For any positive integer $x$, we set $$ g(x) = \text{ largest odd divisor of } x, $$$$ f(x) = \begin{cases} \frac{x}{2} + \frac{x}{g(x)} & \text{ if } x \text{ is even;} \\ 2^{\frac{x+1}{2}} & \text{ if } x \text{ is odd.} \end{cases} $$ Consider the sequence $(x_n)_{n \in \mathbb{N}}$ defined by $x_1 = 1$, $x_{n + 1} = f(x_n)$. Show that the integer $2018$ appears in this sequence, determine the least integer $n$ such that $x_n = 2018$, and determine whether $n$ is unique or not.
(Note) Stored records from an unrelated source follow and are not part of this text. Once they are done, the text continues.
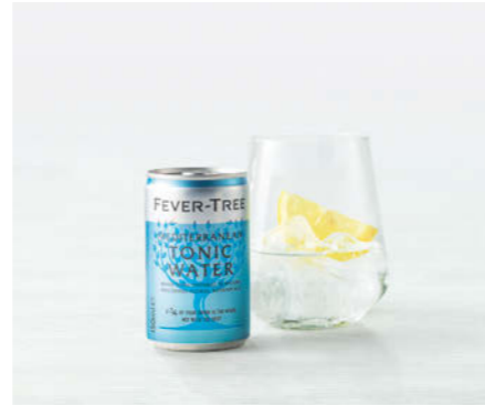
Fever Tree Mediterranean Tonic 150ml

Mit natürlich gewonnenen Zutaten With naturally sourced ingredients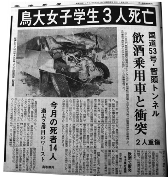
日本海新聞 平成11年12月27日掲載 鳥取県立図書館所蔵資料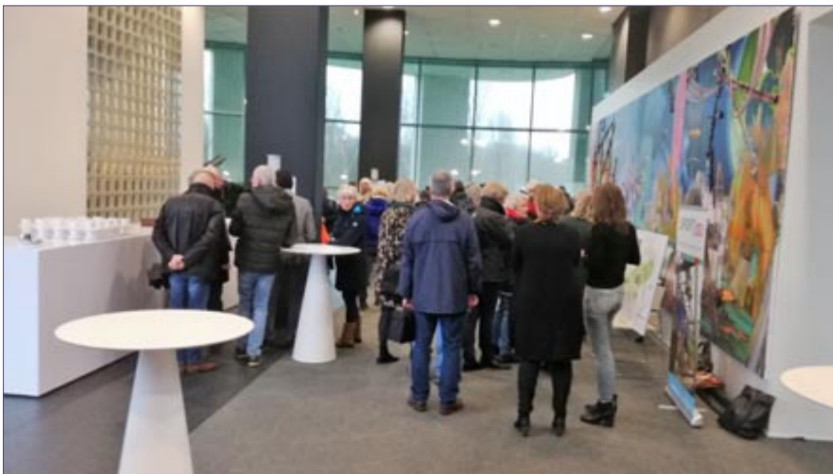
Veel belangstelling op de informatiebijeenkomst

De realisering van het plan van de uitbreiding van de Noordoosthoek van het Hoornsemeer zal de komende maanden voor behoorlijk wat overlast zorgen voor bezoekers van het gebied. Dat kan niet anders. Er wordt echter op alle mogelijke manieren naar gestreefd die overlast zo beperkt mogelijk te houden en de toegankelijkheid van het gebied te waarborgen. Zo blijven de nu bestaande fiets- en wandelpaden te gebruiken totdat het nieuwe wandel-/fietspad klaar is. Ook het terras en het restaurant van het hotel blijven tijdens de uitvoering van de werkzaamheden steeds bereikbaar. Het is de bedoeling, dat het terras al deze zomer in gebruik zal worden genomen. Voor vragen over de uitvoering kunt u terecht bij de projectleider via janlegters@legters-partners.nl

Solution It's easy to see using induction that the general term of the series is $$a_n = 2^{\lfloor \sqrt{2n + \frac{1}{4}} - \frac{1}{2} \rfloor + \frac{1}{2} \cdot \lfloor \sqrt{2n + \frac{1}{4}} - \frac{1}{2} \rfloor \cdot \lfloor \sqrt{2n + \frac{1}{4}} + \frac{1}{2} \rfloor - n} \cdot \left( 2n - \lfloor \sqrt{2n + \frac{1}{4}} - \frac{1}{2} \rfloor \cdot \lfloor \sqrt{2n + \frac{1}{4}} + \frac{1}{2} \rfloor + 1 \right)$$ This basically says that when we express the elements in an array of the form $$\begin{array}{cccc} a_1,\\ a_2, & a_3\\ a_4, & a_5, & a_6\\ \vdots & \vdots & \vdots \\ a_{\frac{n(n+1)}{2}+1}, & a_{\frac{n(n+1)}{2}+2}, &\cdots , & a_{\frac{n(n+1)}{2}+n}\end{array}$$ We get this : $$\begin{array}{cccc} 2^0 \cdot 1,\\ 2^1 \cdot 1, & 2^0 \cdot 3\\ 2^2 \cdot 1, & 2^1 \cdot 3, & 2^0 \cdot 5\\ \vdots & \vdots & \vdots \\ 2^n \cdot 1, & 2^{n-1} \cdot 3, &\cdots , & 2^0 \cdot (2n-1) \end{array}$$ So $2018$ appears once, and exactly once in the sequence.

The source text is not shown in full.